No llevaba ni ocho días de permiso cuando recibí el siguiente telegrama:
"Lothar herido. No es grave". Eso era todo. Informes posteriores
revelaron que lo que le ocurrió fue debido a otra imprudencia de las
suyas. Iba volando con Allmenröder cuando divisó bastante lejos y a muy
poca altura a un solitario englishman65. Era uno de esos aviadores de
infantería que se arrastran sobre nuestras tropas molestándolas cuanto
pueden (ahora bien, está por ver si consiguen algo práctico con ese
mariposeo). Mi hermano estaría a unos dos mil metros de altitud y el
inglés a unos mil. Entonces Lothar se dejó caer en picado y en pocos
segundos ya estaba pegado a él, pero el inglés prefirió evitar la pelea
y desapareció en lo profundo haciendo exactamente lo mismo. Mi hermano,
sin pensárselo dos veces, se tiró detrás; le importaba un diablo si
estaba en campo enemigo o no. Sólo pensaba en una cosa: derribar a aquel
tipo. Y esa es la actitud correcta, sin duda. Yo también actúo así de
vez en cuando, pero a mi hermano no le divierte el asunto si no consigue
al menos una victoria en cada vuelo. En fin, estaban luchando muy cerca
del suelo, Lothar logró pillar bien a su adversario y lo cosió a tiros.
El inglés cayó a plomo a tierra y la cosa, al parecer, había terminado.

Después un combate así, especialmente a tan baja altitud, en donde has
volado de frente, a la derecha, a la izquierda y a la vez en todas
direcciones, los simples mortales no tenemos la más remota idea de dónde
estamos.
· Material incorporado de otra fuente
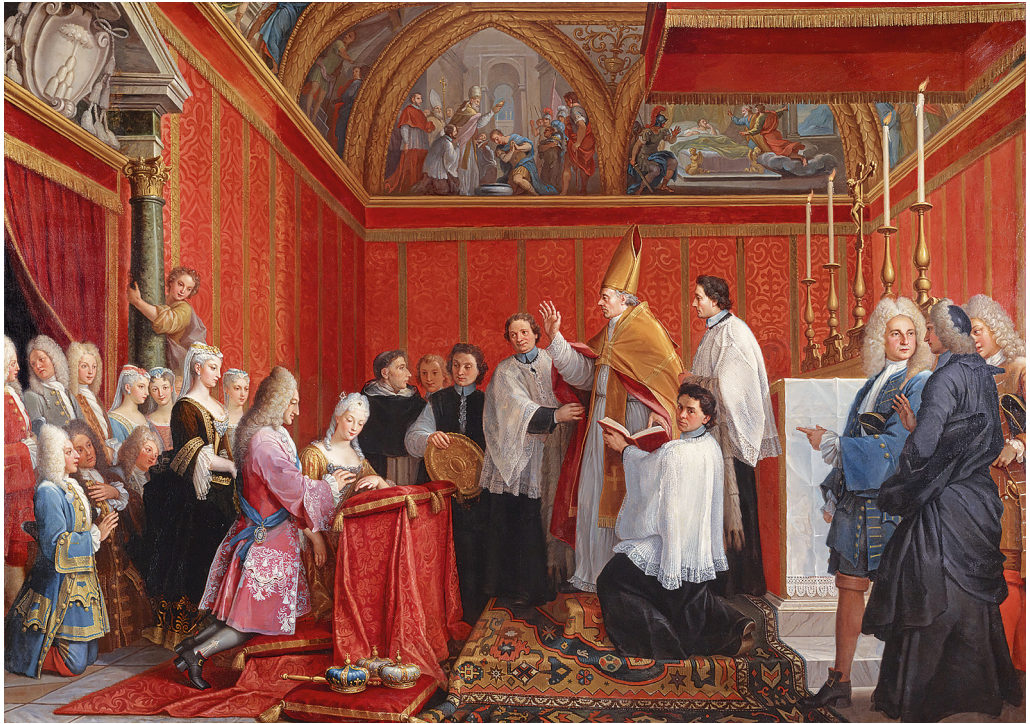
Fig. 5. Agostino Masucci, The Solemnisation of the Marriage of James III and Maria Clementina Sobieska . c. 1735. Oil, canvas. 243.50 × 342.00. National Galleries of Scotland, Edinburgh, inv. no. PG 2415. Purchased 1977 with assistance from the Art Fund, the Pilgrim Trust and private donors
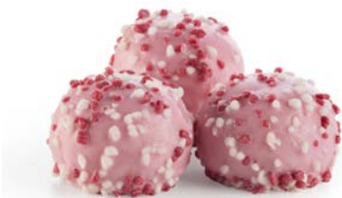
64245 PINK POPDOTS ORIGINAL® 88 U | 0.74 OZ | 10 X16 | 15-20' THEIR ATTRACTIVE COATING, WITH STRAWBERRY AND CREAM-FLAVORED SPRINKLES, IS IRRESISTIBLE.
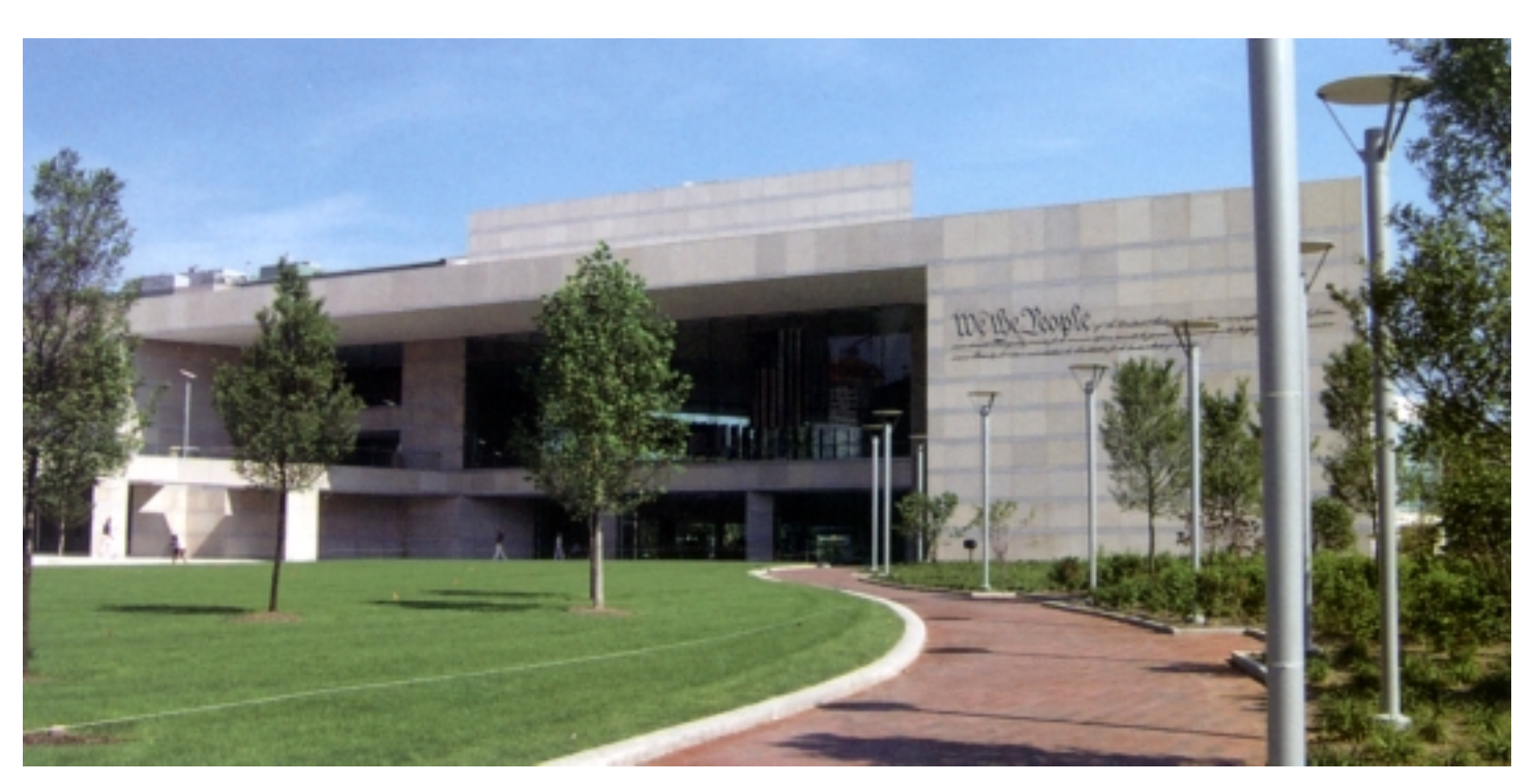
The National Constitution Center, the first museum devoted to honoring and explaining the U.S. Constitution, opened on July 4, 2003 in Philadelphia, PA. The exterior of the building features a facade of Select Buff Indiana limestone broken up by 8-inch bands of Chelmsford granite. The limestone was supplied by Indiana Limestone Co. of Bedford, IN, and the granite by Fletcher Granite Co. of N. Chelmsford, MA. StoneLite™ panels were produced by Stone Panels, Inc.

ften referred to as the "City of Brotherly Love," Philadelphia has stamped its mark in history many times over. William Penn, who had received the title to Pennsylvania in a land grant from King Charles II of England, first established a site for Philadelphia in
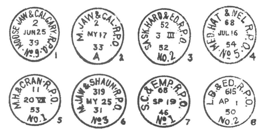
A. Moose Jaw-Swift Current-Medicine Hat-Calgary. (433 miles).

This final instalment deals with the Canadian Pacific lines from Moose Jaw and Saskatoon to Calgary, Edmonton and Nelson. The main lines were busy R.P.O. routes and long series of numbered hammers were issued.
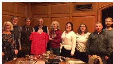
Chicago alumni with the famous HAUS T-Shirt!
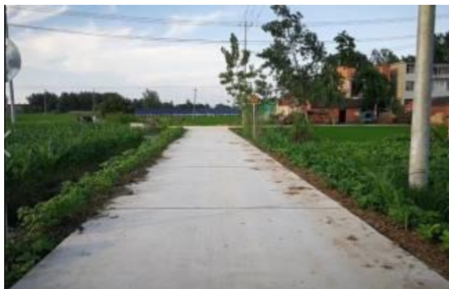
Yangqiao Zhongxilu, Linqun, 2017
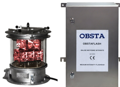
EP 1966535B1 & US 7816843
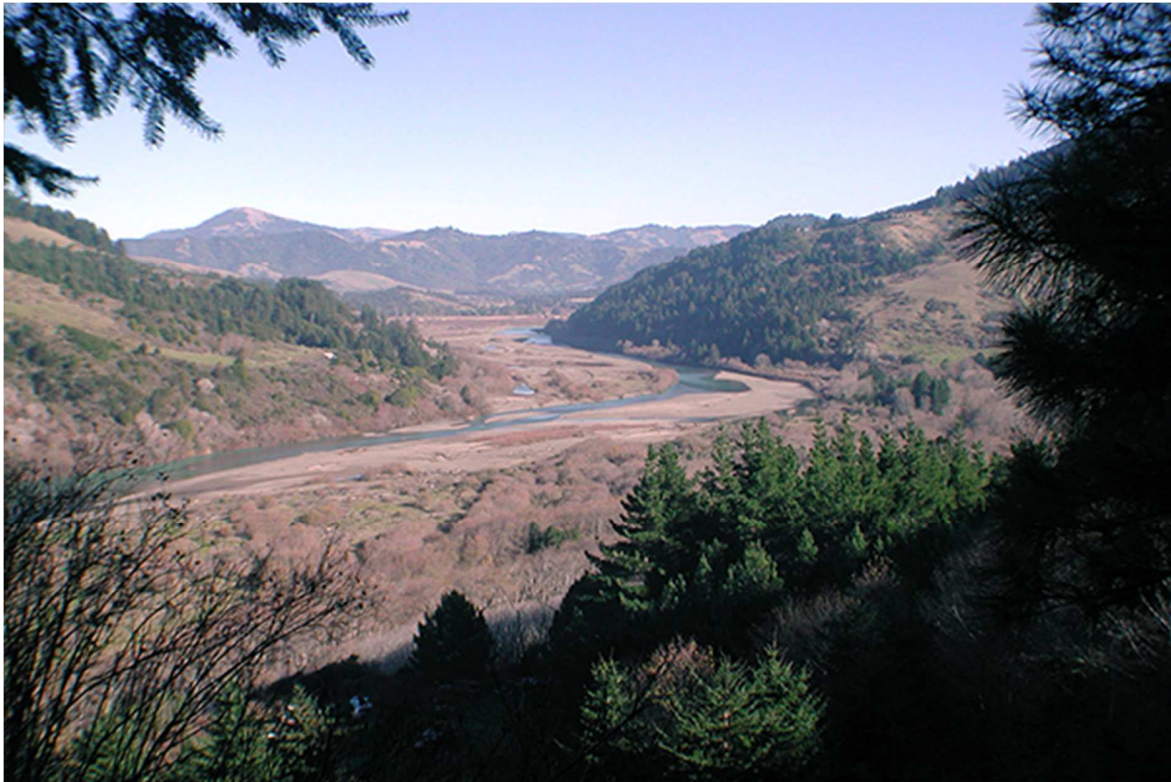
The Mattole River

But that's not to say the state's timber conflicts are over. They're not full-blown campaigns with the civil equivalent of armor, infantry and air support—more like a simmering insurgency characterized by intractable hotspots. And perhaps the hottest spot these days is Rainbow Ridge, an 18,000 acre tract on the headwaters of the upper and lower forks of the Mattole River. The battle over Rainbow Ridge isn't about old-growth redwoods, however. It's centered on Douglas firs.
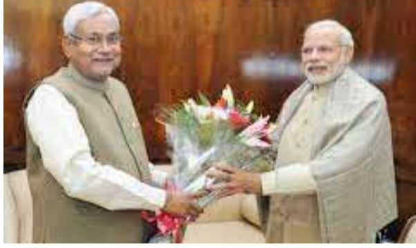
Nitish Kumar and Narendra Modi.

A big news is now coming amidst the strained relations between JDU and RJD in Bihar for the last few days. According to information received from sources, Nitish Kumar can form a new government on Sunday. If sources are to be believed, CM Nitish Kumar may change sides and join with BJP again. And only after this will he stake claim to form a new government. According to the information received, Nitish Kumar has canceled all his previously scheduled programs on Sunday.
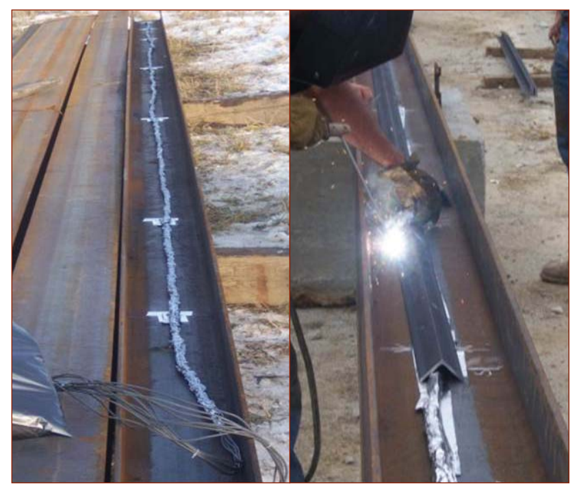
Pile instrumentation (left) and its protection (right)

In addition, push-in pressure cells were installed within 24 in. (610 mm) from designated pile flanges to measure the changes in lateral earth pressure and pore water pressure during pile driving, re-strikes and static load tests (SLTs). Prior to pile driving, the test piles were instrumented with strain gauges along the embedded pile length for axial strain measurements. In addition, two PDA strain transducers and two accelerometers were installed 30 in. (750 mm) below the pile head to record the pile strains and accelerations during driving and re-strikes, which were converted into force and velocity records for CAPWAP analyses. During pile driving and re-strikes, pile driving resistances (hammer blow counts) were recorded for WEAP analyses. After completing all the re-strikes on the test piles, vertical SLTs were performed on test piles following the "Quick Test" procedure of ASTM D1143.
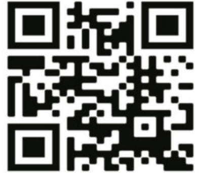
QR Code for the Parish Website

Don't forget to like our Facebook page at www.facebook.com/annunciationelma to be updated on all the latest news and events associated with our Parish.
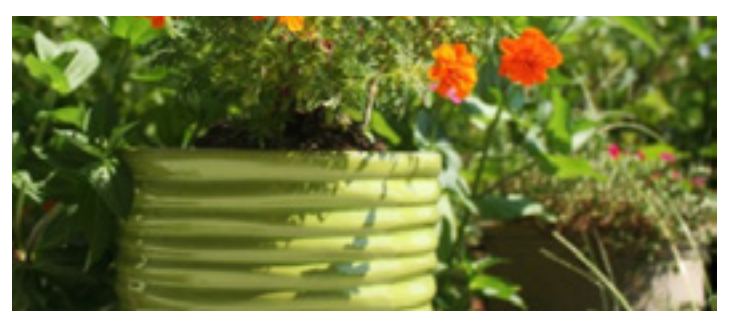
Ten Thousand Villages<sup>SM</sup> Green Hills Planter The Green Hills Planter is a handcrafted ceramic pot from Vietnam. Like all the other fair trade items from Ten Thousand Villages<sup>SM</sup>, this product was made without forced or child labor.
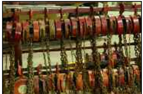
1- TO 3-TON CHAINFALL HOISTS
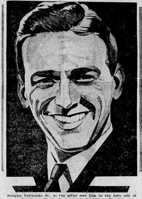
Douglas Fairbanks Jr., as the artist sees him in the hero role of "It's Tough to Be Famous," at the Liberty Theatre.
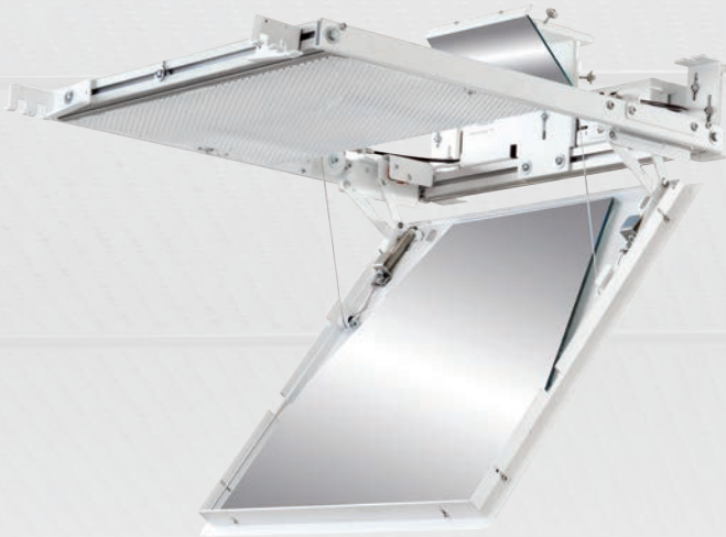
Ceiling mirror Pro
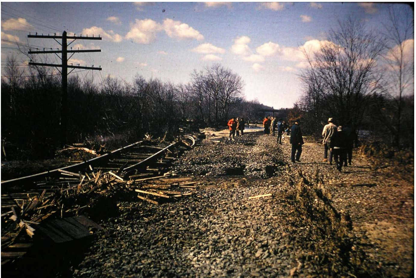
Stony Brook railbed looking toward Route 3 overpass 4/4/1970 John A Goodwin
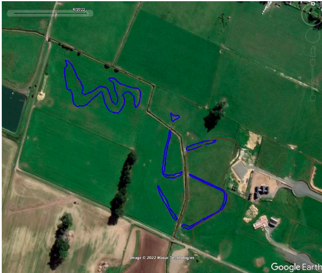
Figure 10. Extent of surface ponding at the time of the site visit.
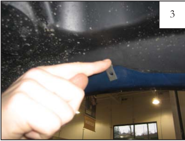
Place supplied clip (CL1-0011) over existing factory hole.
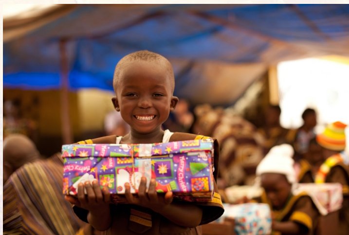
A delighted child in Liberia
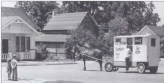
Mallon's Ice Cream Wagon
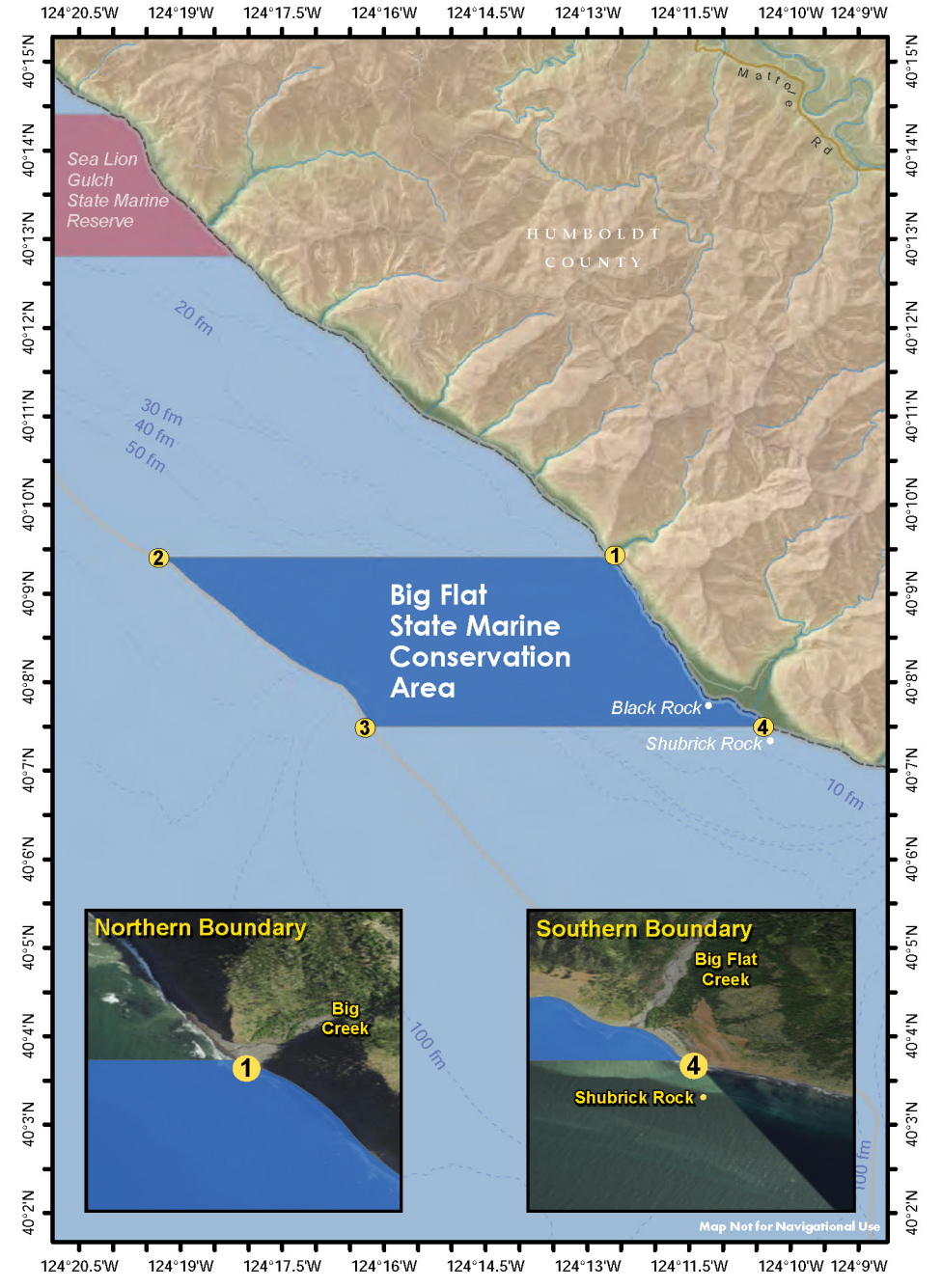
Big Flat State Marine Conservation Area Boundary and Regulations from California Code of Regulations Title 14, Section 632
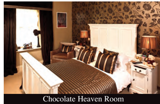
Chocolate Heaven Room
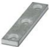
Connection rail, number of positions: 3, color: silver
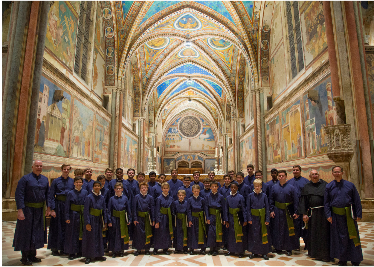
Basilica of St. Francis of Assisi, Assisi.
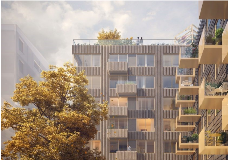
Figure 7A cohousing project in Uppsala to be finished in 2022. Cohousing association Rudbeckia in cooperation with SveaFastigheterBostad AB (Belatchew Architects).

examples of the growing interest among some private developers and property owners for cohousing.
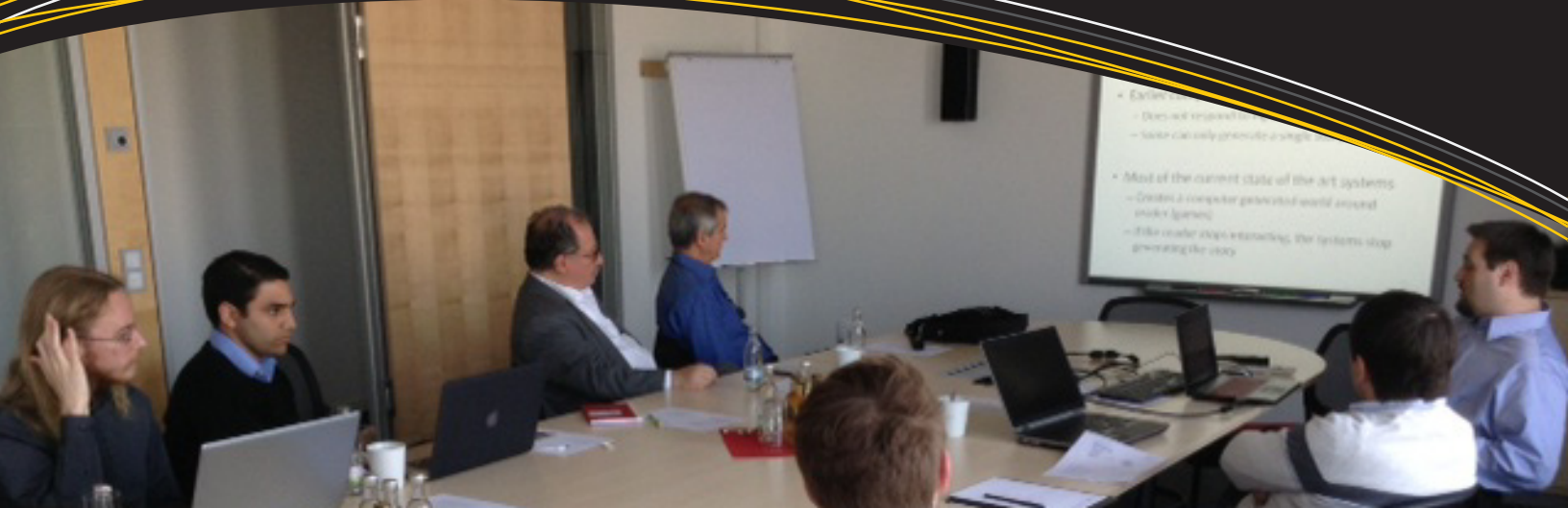
The UCF CS team presents their research to the Fraunhofer Institute Department of Media Technologies.
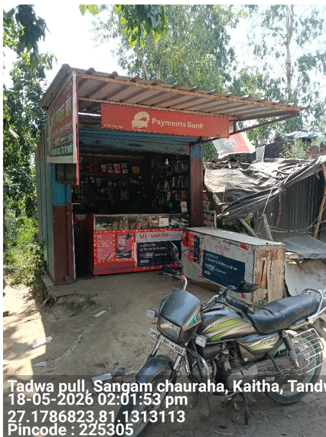
Tadwa pull, Sangam chauraha, Kaitha, Tandw 18-05-2026 02:01:53 pm 27.1786823,81.1313113 Pincode : 225305

Shop front photo with full vertical viewpoint i.e; shop board, sealing, entrance, ground on which the shop is established (cemented, pilers, bricks, stands, mud, wheels etc.)
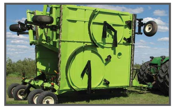
- Fixed knife unit shown above -
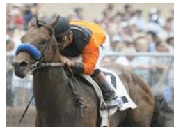
Roman Ruler

Roman Ruler (Fusaichi Pegasus), who dashed to an impressive four-length debut win at Hollywood June 19, made the jump to graded stakes company in smashing style with a dominant seven-length triumph in yesterday's GII Best Pal S. at Del Mar. After his maiden win at Hollywood, the Bob Baffert trainee was sidelined by an abscess, but showed he was ready for a return to the races with a bullet five-furlong drill in :57 4/5 at Del Mar Aug. 9. Sent off the 1-2 favorite yesterday, Roman Ruler was out of contention early after a tardy beginning. Forced to steady when longshot Wetherly (Expelled) broke down midway on the turn, Roman Ruler inhaled the leaders in upper stretch and pulled away effortlessly. "My horse was just terrific," said winning rider Corey Nakatani. "Bob [Baffert] and I spoke about him before the race and we said we were going to get him some education today. I was just going to sit on him and get him to relax. We weren't so concerned about winning. But he was so much the best that he just went ahead and won real easy anyway." Wetherly suffered a fractured left foreleg and had to be euthanized.
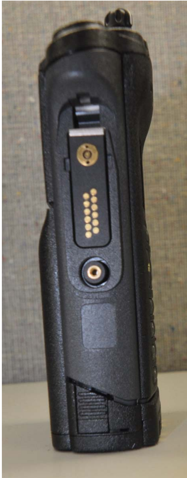
Exhibit 3 F SIDE VIEW (RIGHT)

Además, aquel día estaba brumoso y hacía un tiempo
especialmente desfavorable. Al final mi hermano se reorientó y descubrió
se había adentrado un buen trecho en el frente enemigo. Estaba detrás de
las crestas de Vimy, que se elevan cien metros sobre el resto de la
región. Mi hermano desapareció tras aquellas cumbres, o por lo menos así
lo aseguraban quienes lo vieron desde tierra.

Volver a casa sobrevolando territorio enemigo no es desde luego de las
experiencias más placenteras que se puedan imaginar. Es imposible hacer
nada para evitar que lo tiroteen a uno desde tierra, aunque rara vez
aciertan. Sin embargo, mi hermano se iba aproximando a nuestras líneas
volando a tan escasa altura que podía escuchar cada tiro que le hacían.

Cuando disparan los soldados de infantería, el ruido que se oye es
parecido al que hacen las castañas en el fuego.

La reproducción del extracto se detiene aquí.